Reinsel, G. C., Velu, R. P., and Chen, K. (2022) Multivariate Reduced-Rank Regression: Theory, Methods and Applications, 2nd Edition. Springer.
The book’s first edition has profoundly influenced Chen’s research since his graduate study at the University of Iowa under the supervision of Professor Kung-Sik Chan. Chen is honored and humbled to be a co-author in this new edition.
This book provides an account of multivariate reduced-rank regression, a tool of multivariate analysis that enjoys a broad array of applications. In addition to a historical review of the topic, its connection to other widely used statistical methods, such as multivariate analysis of variance (MANOVA), discriminant analysis, principal components, canonical correlation analysis, and errors-in-variables models, is also discussed.

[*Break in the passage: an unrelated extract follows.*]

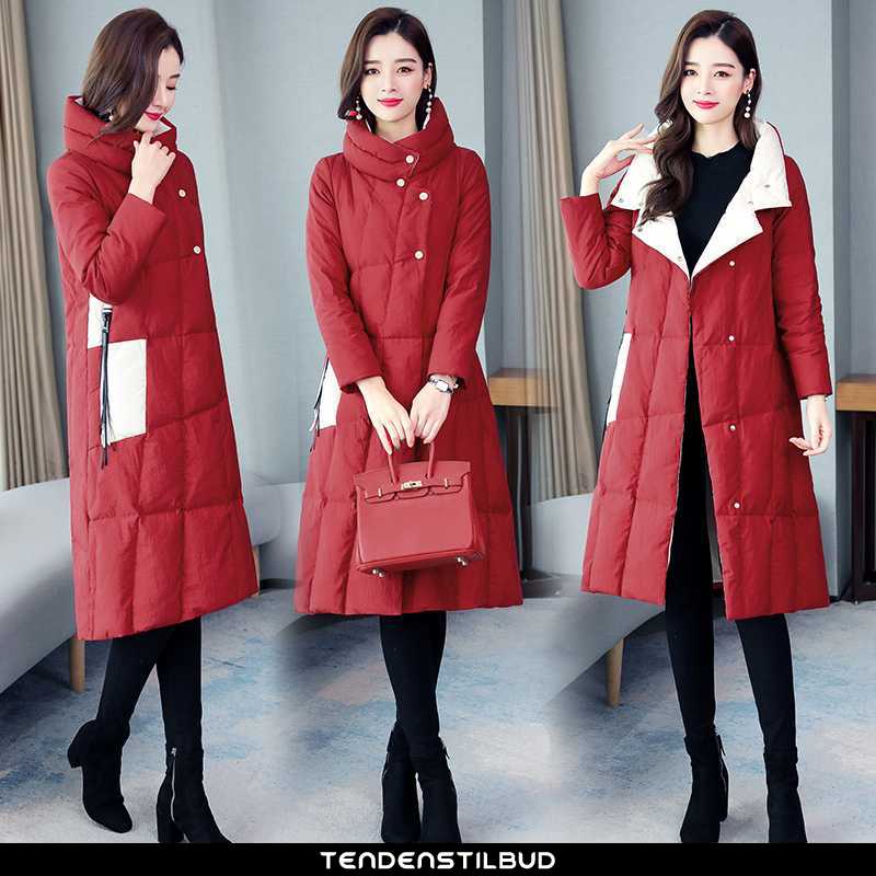 Vinterjakke dame : bomuld jakke bomuldsjakke varm langærmet skinny vinter lang 2021 elegante alt matcher grå midten, farve : grå, bordeaux, sort.

This new edition incorporates Big Data methodology and its applications, as well as high-dimensional reduced-rank regression, generalized reduced-rank regression with complex data, and sparse and low-rank regression methods. Each chapter contains developments of basic theoretical results, as well as details on computational procedures, illustrated with numerical examples drawn from disciplines such as biochemistry, genetics, marketing, and finance.
This book is designed for advanced students, practitioners, and researchers, who may deal with moderate and high-dimensional multivariate data. Because regression is one of the most popular statistical methods, the multivariate regression analysis tools described should provide a natural way of looking at large (both cross-sectional and chronological) data sets. This book can be assigned in seminar-type courses taken by advanced graduate students in statistics, machine learning, econometrics, business, and engineering.

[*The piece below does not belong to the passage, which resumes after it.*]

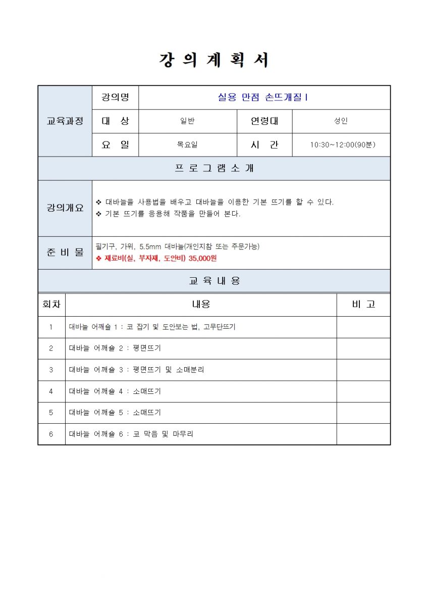 홈소잉 접수예정실용 만점 손뜨개질Ⅰ

Jianmin Chen won Poster Award at UConn Stat Conference
PhD student Jianmin Chen won Poster Award at the Special Conference Celebrating UConn Department of Statistics 60th Anniversary in October 2022. Her post was based on our joint work “Tree-guided rare feature selection and logic aggregation with electronic health records data”.

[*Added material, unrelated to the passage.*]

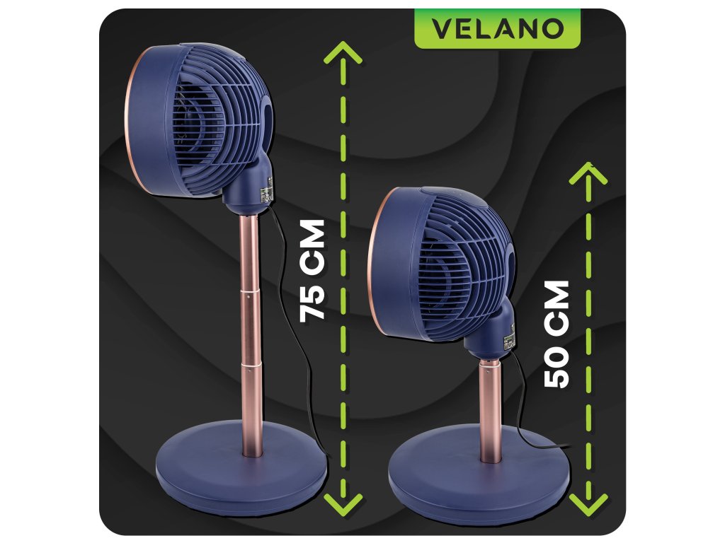 Podlahový ventilátor Velano VELWEP0017 je moderní zařízení, které spojuje vysoký výkon s funkčností a komfortem používání. Je vybavený silným motorem o výkonu 50 W, funkcí oscilace, regulací rychlosti a časovačem do 7 hodin, což zajišťuje efektivní chlazení a tichý chod. Navíc disponuje funkcí aromaterapie, která umožňuje šíření příjemné vůně v místnosti.

Congratulations to Jianmin!
Project on integrative learning of quantum dots is funded by NSF
Our project on “Integrative Learning of Fluorescence Fluctuations in Perovskite Quantum Dots Using A Data Science Assisted Single-Particle Approach” has been funded by NSF. This is a collaboration between Dr. Jing Zhao (PI) from UConn Chemistry, Dr. Chen (Co-PI) from UConn Stat, and Dr. Ou Chen (Co-PI) from Brown Chemistry. Our long-term goal is to integrate materials science, single-particle spectroscopy, and modern data science approaches to develop and characterize QDs for desired applications.
Chen elected Fellow of the American Statistical Association
Dr. Kun Chen has been elected as a Fellow of the American Statistical Association (ASA)!
The Designation of ASA Fellow has been a significant honor for nearly 100 years.